To generate the main menu the server does a request to
$.ajax(gn_server_url +'api/menu/generate/json. On production that is
https://genenetwork.org/api3/api/menu/generate/json which is actually gn3(!)

```
curl http://gn2-fallback.genenetwork.org/gn3/api/menu/generate/json
```

If this gives an error check the gn3 output log.

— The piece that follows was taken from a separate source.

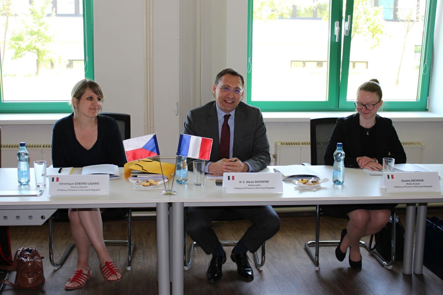 J. E. Alexis Dutertre se zajímal také o výuku a výzkum v oblasti jaderné energetiky, spolupráci s průmyslovými partnery a možnosti rozšíření spolupráce mezi oběma zeměmi v této strategické oblasti. Byl informován o formálním vzniku Aliance pro elektrotechniku a informatiku, která sdružuje všechny elektrotechnické a IT fakulty České republiky a kterou v jednáních zastupuje právě děkan Peroutka.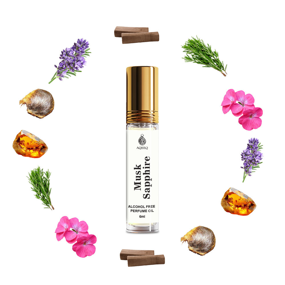 Aqeeq Musk Sapphire Long Lasting Unisex Attar | Oriental Arabian Attar For Men & Women | Fresh Musk Amber Notes | 6ml

Perhaps obviously, on a production server GN3 should be running as a proper service.

### Alias service

There is another GN3 service that resolves wikidata Gene aliases

```
su gn2
cd ~/gn3_production
git clone https://github.com/genenetwork/gn3.git
```

follow the instructions in the README and you should get

```
curl localhost:8000/gene/aliases/Shh
["Hx","ShhNC","9530036O11Rik","Dsh","Hhg1","Hxl3","M100081","ShhNC"]
```

### Authentication proxy

The proxy also needs to run.

```
su gn2
cd ~/gn3_production
git clone https://github.com/genenetwork/gn-proxy.git
```

See README

### Trouble shooting

Check the server log for errors from the server. There should be one in /home/gn2/production/tmp/. For example you may see

```
ERROR:wqflask:404: Not Found:  7:20AM UTC Aug 20, 2022: http://gn2-fallback.genenetwork.org/api/api/menu/generate/json
```

pointing out the setting in gn2_settings.py is wrong.

Use the console bar of the browse to see what JS error you get.

If you get CORS errors it is because you are using a server that is not genenetwork.org and this is usually a configuration issue.